You can click here for a full transcript of President Obama’s State of the Union address, but if you didn’t see it, and don’t want to take the time to read it, I can save you the trouble: most of it was recycled material from earlier speeches, right up to the President’s impassioned call for… closing the detention facility at Guantanamo Bay.
To no one’s surprise, the victims of ObamaCare were utterly invisible. The President did not have a single word to say to the millions who lost their insurance, or the countless people who can no longer see their preferred doctors. He offered no fresh insight on why the launch of the Affordable Care Act was such a historic disaster, or why he hasn’t held a single person responsible, or why he never bothered to keep tabs on his signature initiative during the three and a half years it was burning up millions of taxpayer dollars and snowballing into an epic disaster. He was not interested in naming any of the people who lost their insurance, or telling their personal stories. All of those people got the rhetorical middle finger from this President, exactly as expected. Through his refusal to acknowledge their very existence, they were told to drop dead, buzz off, shut their pie-holes, and disappear. We got a couple of shout-outs to people Obama did want to talk about, and another demand that we submit to a failed health care plan we’re no longer allowed to debate or vote against, ever.
There was some claptrap about all the zillions of jobs Obama has created, delivered just minutes before he demanded more unemployment insurance. After doubling the deficit, Obama boasted of cutting it in half. There was a surreal passage on Iran that couldn’t be more out of touch with events on 2014 Earth if Obama had delivered the speech from Alpha Centauri. The hoary and utterly false factoid about women earning 77 cents on the male dollar was trotted out again, because Democrats really need to keep that “War on Women” thing going, and Obama knows nobody is going to line up his female employees and ask them who gets equal pay. (If that ever happened, the results would be super awkward for the President.) More nonsense was peddled about Head Start, an expensive child-care program disguised as an educational initiative that Democrats just can’t stop pouring money into, even thought study after study shows its benefits evaporating before the children get to third grade.

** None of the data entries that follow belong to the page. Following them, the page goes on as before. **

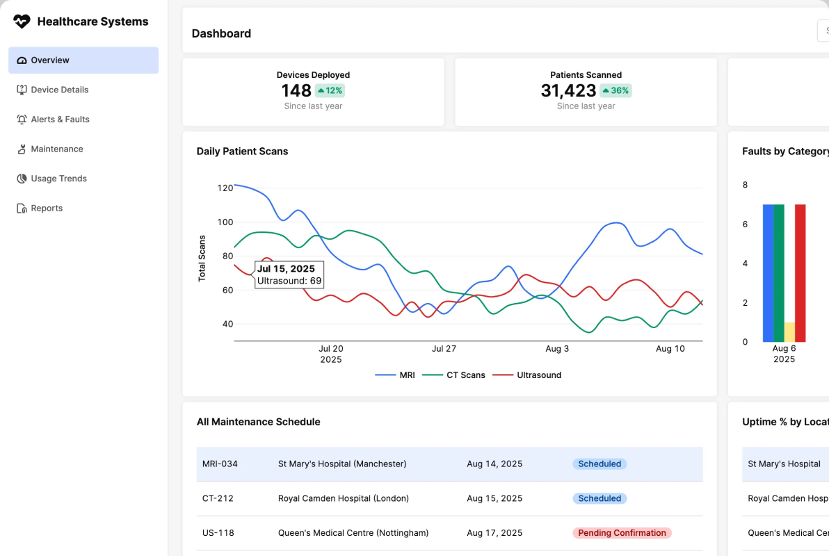 Designed for healthcare and operations leaders seeking clarity and control. By integrating, resource allocation, and real-time performance metrics, we create intelligent dashboards that improve efficiency, reduce bottlenecks, and support better outcomes for patients and teams alike.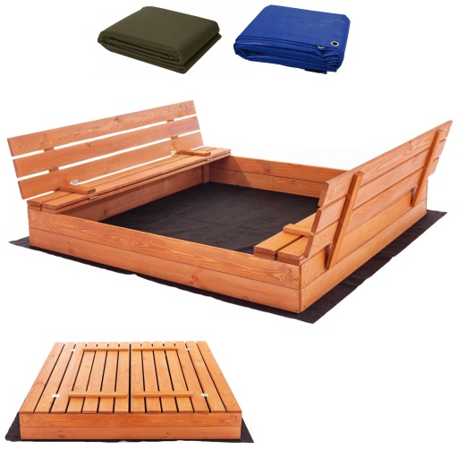 PIASKOWNICA ZAMYKANA DREWNIANA IMPREGNOWANA Z ŁAWKAMI DUŻA 140 PRODUCENT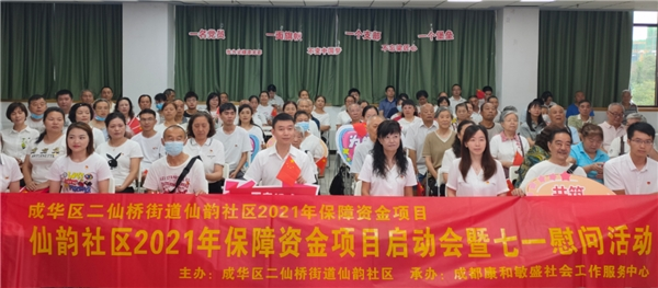 党旗如画,展现百年光辉历程;岁月如歌,颂唱大党丰功伟绩。为隆重纪念中国共产党成立100周年,2021年7月1日上午7点半,在成华区孵化园3楼,仙韵社区党员们已经整齐的坐在会场,等待观看庆祝中国共产党成立100周年的现场直播。同时进行的还有二仙桥街道仙韵社区庆祝中国共产党成立100周年暨“七一”表彰大会、社区保障资金项目启动仪式。本次活动由成华区二仙桥街道仙韵社区党委主办,成都康和敏盛社会工作服务中心承办,成都市金牛区社会组织促进会,成都市菁彩社会工作服务中心协办。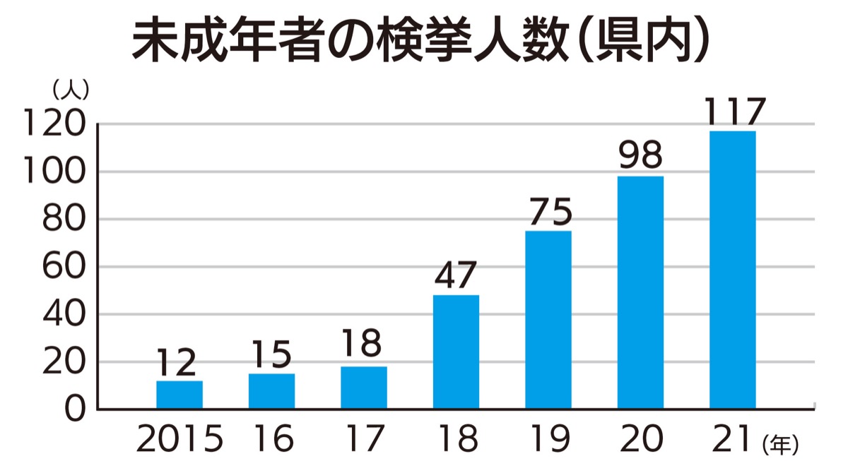 大麻所持などで検挙された県内の未成年者は2017年までは15件前後で推移していたが、18年に47件と急増。昨年は117件だった。覚せい剤やその他薬物は横ばいだが、大麻だけが増え続けている。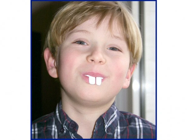 Falsche Zähne für Osterhasen aus Kunststoff. Werden einfach unter die Oberlippe geschoben… Sorgt für Freude beim Eiersuchen.
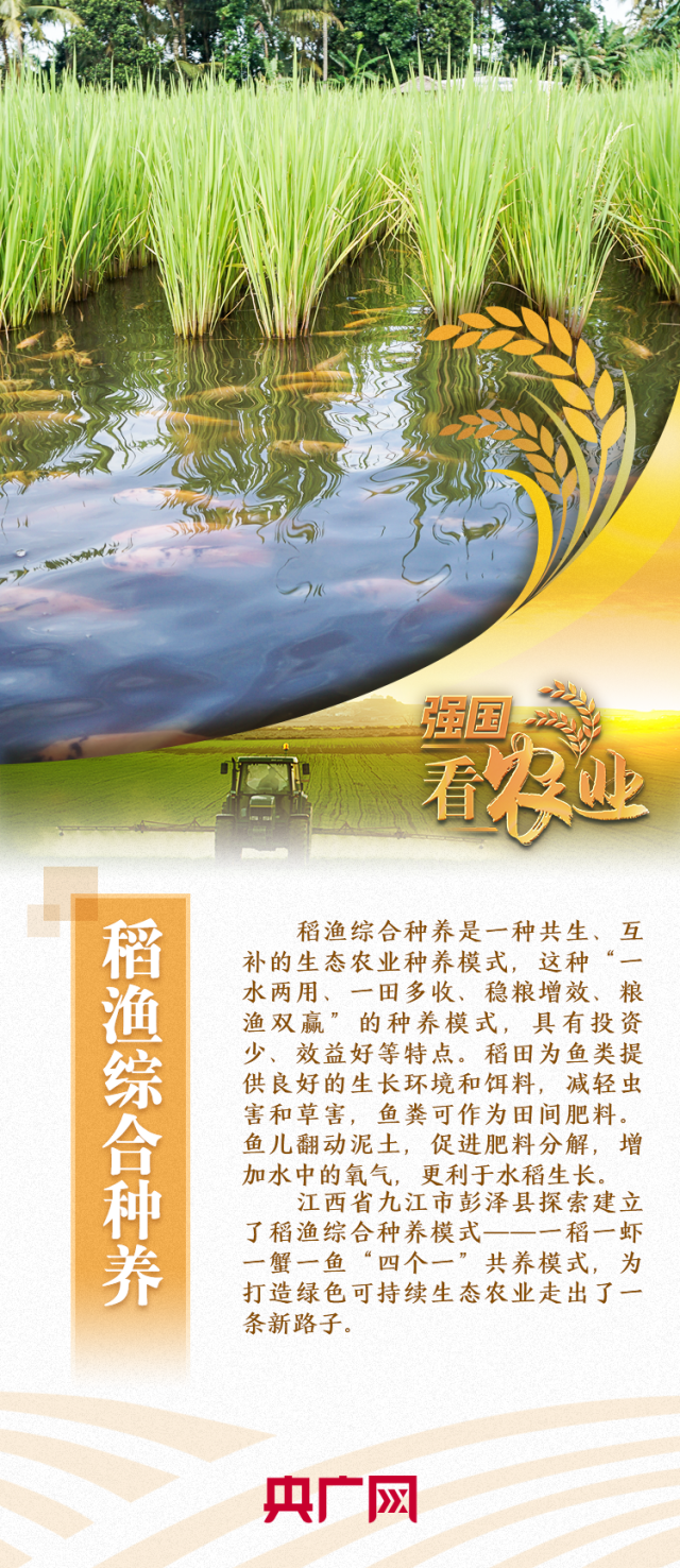 時下,正值稻香魚肥之季。在江西省九江市彭澤縣一片片綠油油的稻田里,村民們正忙著查看前段時間投放的魚苗長勢,生機盎然的水稻與環(huán)繞相間的水渠、交錯縱橫的田間道相映成趣,勾勒出一幅“稻在水中長、魚繞稻間游”的鄉(xiāng)村田園畫卷。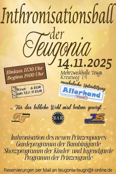 Unser Motto der Saison lautet „Teugonia'a ultimative Chartshow“. Dazu laden wir all unsere befreundeten Faschingsgesellschaften, sowie alle Faschingsfreunde aus nah und fern ein. Die Band „Allerhand“ lädt zum Tanzen ein und wir präsentieren Euch natürlich unser Garde- und Showprogramm der Saison 2025/26.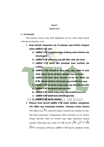 Kehidupan di dunia hanyalah sementara. Adapun kehidupan yang sesungguhnya adalah kehidupan di akhirat kelak. Mayoritas umat Islam hanya mengetahui adanya surga dan neraka saja. Akan tetapi ada sebuah tempat yang berada di antara surga dan neraka yaitu a‘rāf sebagaimana telah Allah sebutkan dalam surah Al-A‘rāf ayat 46-49. A‘rāf merupakan pagar pembatas antara surga dan neraka dan diatasnya terdapat orang-orang. Adapun orang-orang yang berada di atas a‘rāf disebut aṣḥābul a‘rāf. Terdapat banyak perbedaan pendapat mengenai siapakah yang dimaksud dengan aṣḥābul a‘rāf. Ada yang mengatakan mereka adalah orang-orang yang imbang antara kebaikan dan keburukan. Banyak juga yang mengatakan bahwa mereka adalah ahli ulama, para nabi, dan sekelompok orang yang memiliki kedudukan tertinggi di sisi Allah. Dalam penelitian ini, penulis bertujuan untuk meneliti makna aṣḥābul a‘rāf dalam pandangan imam Qurtubi, faktor-faktor yang melatarbelakangi penafsirannya, dan sekaligus dampak penafsirannya. Jenis penelitian yang digunakan adalah penelitian kualitatif yang bersifat deskriptif. Kemudian pendekatan yang digunakan adalah kepustakaan (library research). Hasil penelitian yang ditemukan penulis yaitu terdapat sepuluh pendapat mengenai makna aṣḥābul a‘rāf yang dikutip oleh imam Qurtubi dalam tafsir AlJāmi‘ Li Aḥkām Al-Qur’ān. Kemudian ada satu pendapat yang ditarjih oleh imam Qurtubi yang mengatakan bahwa makna aṣḥābul a‘rāf adalah malaikat. Hal tersebut berdasarkan riwayat Abu Mijlaz yang mengatakan bahwa kata ل جاَ رِ disini bermakna malaikat dan malaikat itu adalah laki-laki bukan perempuan. Sehingga tidak mengapa menyebut mereka sebagai laki-laki. Sebagaimana kaum jin disebut dengan laki-laki dalam QS. Al-Jinn: 6, maka hal tersebut juga dapat diqiyaskan kepada malaikat. Kemudian dalam tafsir Al-Qurtubi dikatakan lafaz surah Al-A‘rāf ayat 48 مۡكُ ى َعنۡ ُكۡم َجۡمعُ ٰ اَ ۡغن ۤ َما ۡوا ُ الَق merupakan perkataan aṣḥābul a‘rāf kepada penghuni neraka dan untuk menjelek-jelekkan mereka. Kemudian َجـنَّةَ ََل 49 ayat pada ۡ ُوا ال ۡم تَۡح َزنُۡو َن ُۡد ُخل ا تُ اَنۡ َوََلۤ perkataan merupakan َخۡو ف َعلَۡي ُكۡم aṣḥābul a‘rāf kepada penghuni surga dan sekaligus untuk membuat penghuni neraka semakin sedih dan menyesal. Faktor-faktor yang melatarbelakangi penafsirannya yaitu faktor kebahasaan, faktor historis terjadinya perang pemikiran karena perbedaan ideologi, dan faktor dalil serta riwayat penguat argumentasi.

We were invited to contemplate the wonders of the fabulous government-designed wonder city of the future known as “Detroit.” And Israel can rest assured that Barack has their back, just as soon as they make their country a bit smaller.

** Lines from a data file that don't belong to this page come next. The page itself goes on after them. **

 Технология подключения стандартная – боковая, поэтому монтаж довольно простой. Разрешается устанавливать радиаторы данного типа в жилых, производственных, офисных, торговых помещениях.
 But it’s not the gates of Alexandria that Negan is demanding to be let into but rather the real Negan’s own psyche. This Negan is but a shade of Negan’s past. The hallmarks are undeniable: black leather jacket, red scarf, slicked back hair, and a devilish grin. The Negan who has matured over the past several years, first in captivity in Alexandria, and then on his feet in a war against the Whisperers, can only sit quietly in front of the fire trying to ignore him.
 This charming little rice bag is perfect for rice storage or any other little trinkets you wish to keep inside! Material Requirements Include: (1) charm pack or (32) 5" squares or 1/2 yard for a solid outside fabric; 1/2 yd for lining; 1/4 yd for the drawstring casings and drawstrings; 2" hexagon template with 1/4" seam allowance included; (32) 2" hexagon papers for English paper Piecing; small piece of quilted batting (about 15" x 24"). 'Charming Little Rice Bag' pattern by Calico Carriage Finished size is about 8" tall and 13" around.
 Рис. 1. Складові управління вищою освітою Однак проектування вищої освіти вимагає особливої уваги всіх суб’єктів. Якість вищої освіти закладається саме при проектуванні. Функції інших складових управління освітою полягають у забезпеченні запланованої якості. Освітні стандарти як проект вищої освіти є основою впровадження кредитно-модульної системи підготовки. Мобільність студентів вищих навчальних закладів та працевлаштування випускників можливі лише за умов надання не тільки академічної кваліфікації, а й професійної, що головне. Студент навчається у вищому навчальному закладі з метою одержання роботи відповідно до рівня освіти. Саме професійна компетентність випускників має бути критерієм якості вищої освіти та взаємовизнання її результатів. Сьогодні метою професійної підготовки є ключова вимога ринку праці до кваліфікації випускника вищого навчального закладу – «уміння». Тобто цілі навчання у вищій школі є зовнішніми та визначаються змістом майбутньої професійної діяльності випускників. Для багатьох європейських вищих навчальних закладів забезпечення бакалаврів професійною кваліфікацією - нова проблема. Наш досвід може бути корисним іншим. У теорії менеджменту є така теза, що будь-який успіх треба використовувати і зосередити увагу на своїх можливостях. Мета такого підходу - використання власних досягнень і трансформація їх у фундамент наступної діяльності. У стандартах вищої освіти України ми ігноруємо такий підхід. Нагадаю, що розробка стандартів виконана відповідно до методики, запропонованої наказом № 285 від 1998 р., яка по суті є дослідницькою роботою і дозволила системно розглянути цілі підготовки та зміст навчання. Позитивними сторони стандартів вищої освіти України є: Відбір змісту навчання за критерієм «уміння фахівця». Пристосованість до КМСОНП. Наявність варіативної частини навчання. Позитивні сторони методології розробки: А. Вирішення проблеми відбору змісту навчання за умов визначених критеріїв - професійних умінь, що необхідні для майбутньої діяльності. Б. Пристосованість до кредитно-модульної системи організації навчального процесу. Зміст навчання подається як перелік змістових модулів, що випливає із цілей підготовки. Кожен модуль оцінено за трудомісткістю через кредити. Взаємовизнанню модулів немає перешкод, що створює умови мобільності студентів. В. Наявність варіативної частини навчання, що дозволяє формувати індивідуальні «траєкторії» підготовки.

It wasn’t so much the State of the Union as the State of What Obama Needs You To Think About The Union. You have to believe he just arrived in Washington yesterday, and is responsible for absolutely nothing that has happened since 2009. Some useless slug has been squatting in the Oval Office for five years, but forget about that guy, because Action Man is here at last! This will be a year of ACTION, so you’d best strap yourselves in and enjoy the thrill ride. Did I mention that Obama’s finally going to close Gitmo?
None of which is terribly surprising, and as mentioned, much of his boilerplate was rusty and had the year “2009” stamped on it. He’s given five minor variations on the same speech now, perpetually assuring America that recovery is right around the corner. He says almost exactly the same thing about immigration reform every single time.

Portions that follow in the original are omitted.